3. **Blockage Check**: If no tickets are running and none are ready, the DAG is blocked (due to unresolved failures or cycle errors), and the loop exits:
`[T:blocked]`
### Step 4: Worker Spawning & Escalation (Wide Codecycle)
For each ready ticket:
1. **Capacity Limit**: If `self.pool.is_full()` returns true, spawning is deferred to the next tick.

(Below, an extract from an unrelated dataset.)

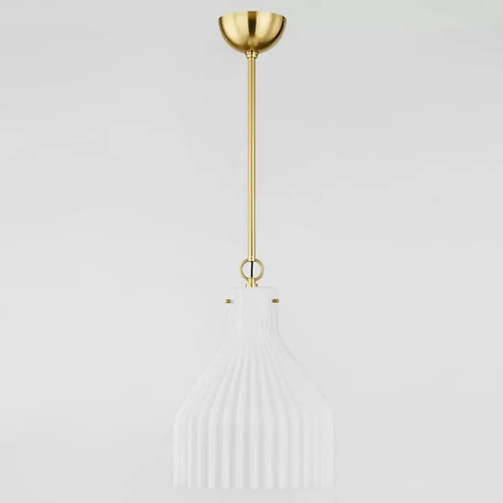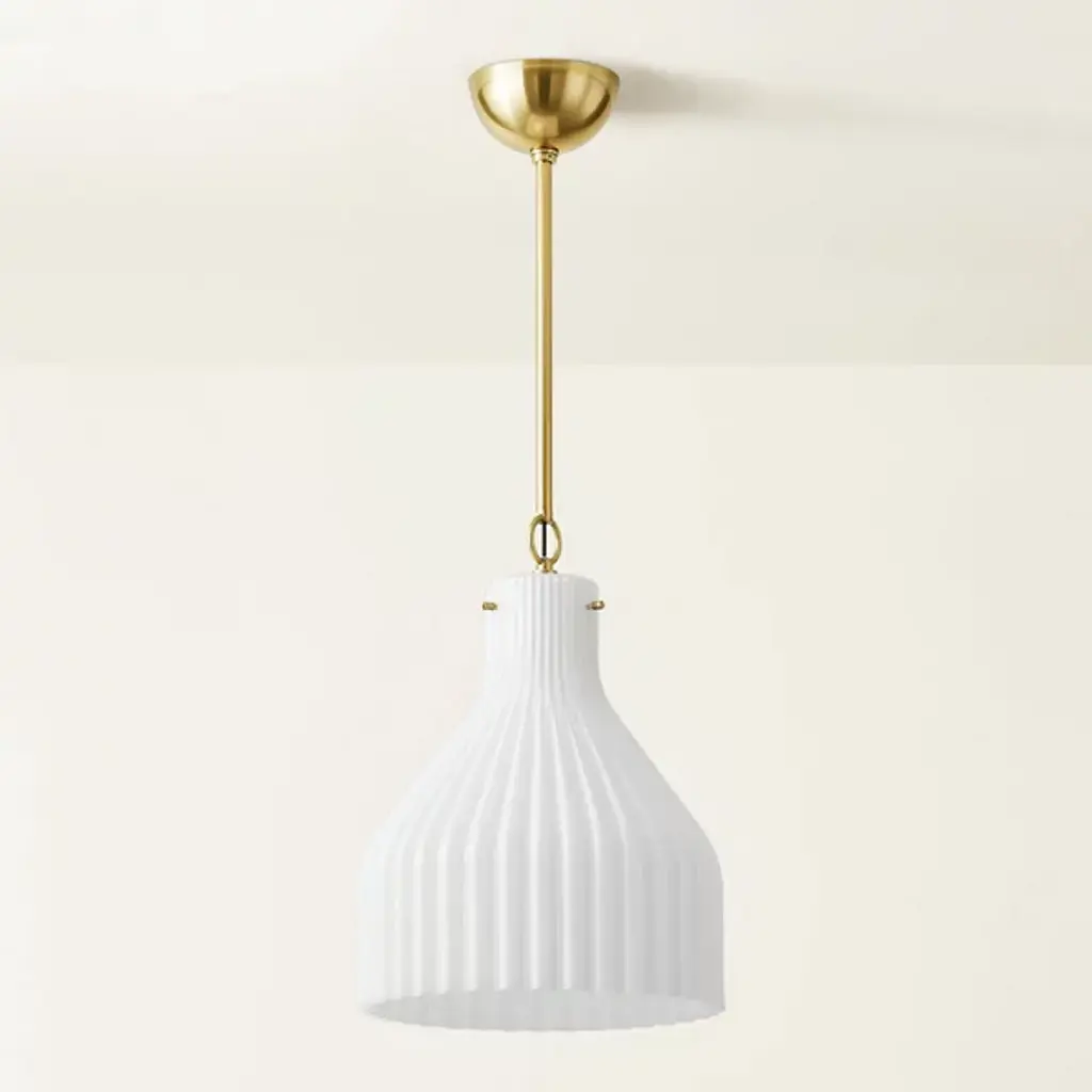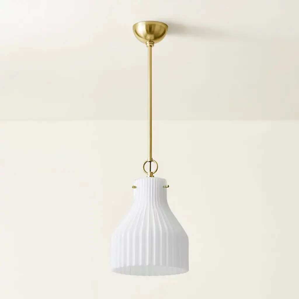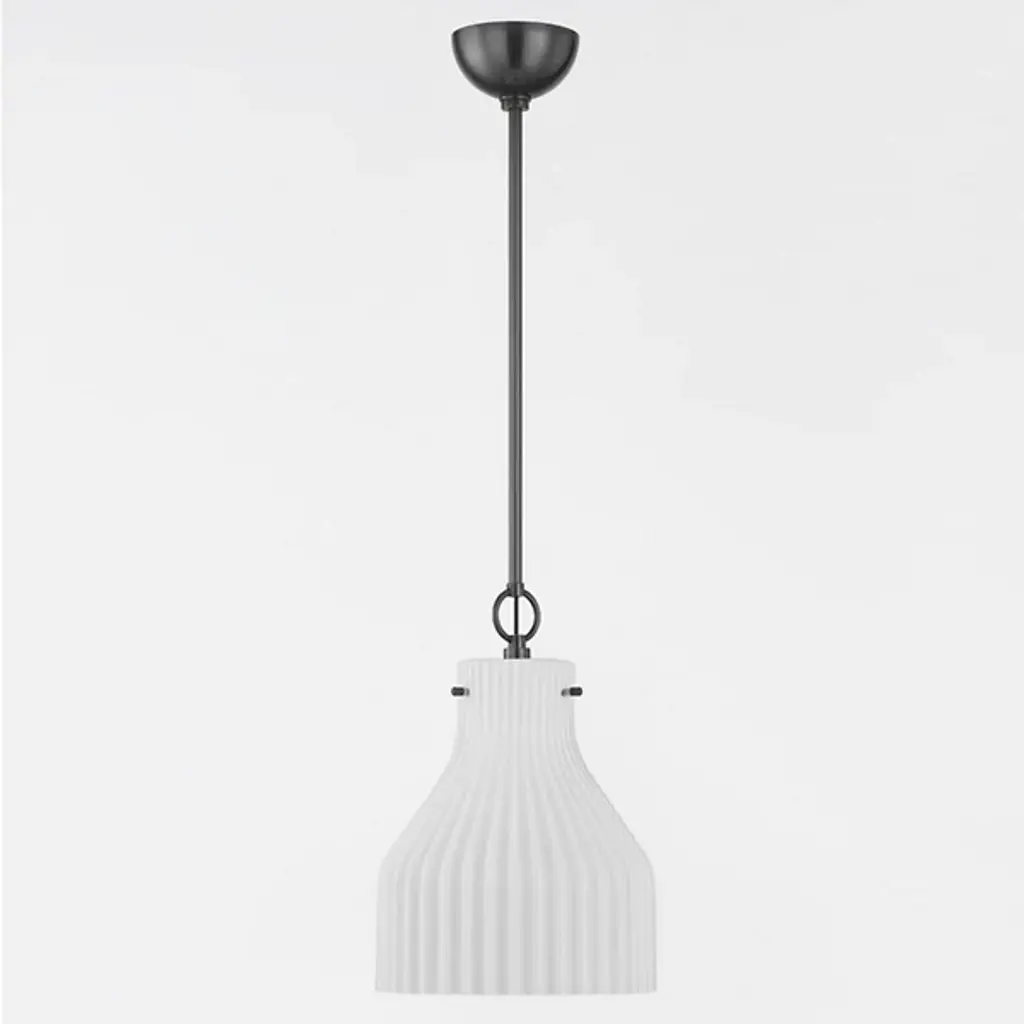 Inspired by ancient Greek design principles, the Corinthia Pendant from Mitzi embodies simplicity and elegance with its slender ribbed silhouette. The Opal Glass shade delicately extends and gently flares, infusing a touch of minimalist sophistication into any room. The pendant offers versatility, whether suspended individually to create a focal point or grouped together for a cohesive look above countertops or along hallways. This pendant blends transitional style with timeless appeal, making it suitable for both contemporary and classic interiors.

2. **Model Escalation**: Resolves which model to invoke based on ticket overrides, persona defaults, and current `retry_count`. If a worker fails, its next retry escalates to a larger model (e.g. `flash-lite` -> `flash` -> `pro`):
```python
model_idx = min(ticket.retry_count, len(models_list) - 1)
model_name = models_list[model_idx]
```
3. **Execution**: The engine spawns the worker lifecycle lifecycle thread and updates status:
* Spawns: `run_worker_lifecycle(...)`
* Mutates status: `ticket.status = "in_progress"`
* Emits GUI event: `"ticket_started"`
---
## 4. Architectural Invariants
1. **Amnesia Principle**: Before a spawned worker calls the AI client, it executes `ai_client.reset_session()`. This prevents context bleeding and token leakages between parallel workers executing distinct tickets.
2. **Step Mode Control**: Tickets marked with `step_mode=True` block auto-queueing and wait for manual human approval in the GUI before transitioning from `"todo"` to `"in_progress"`.
3. **Queue Telemetry**: State mutations and status changes are pushed thread-safely to the main GUI thread via the `event_queue` helper, keeping ImGui visualization synchronized.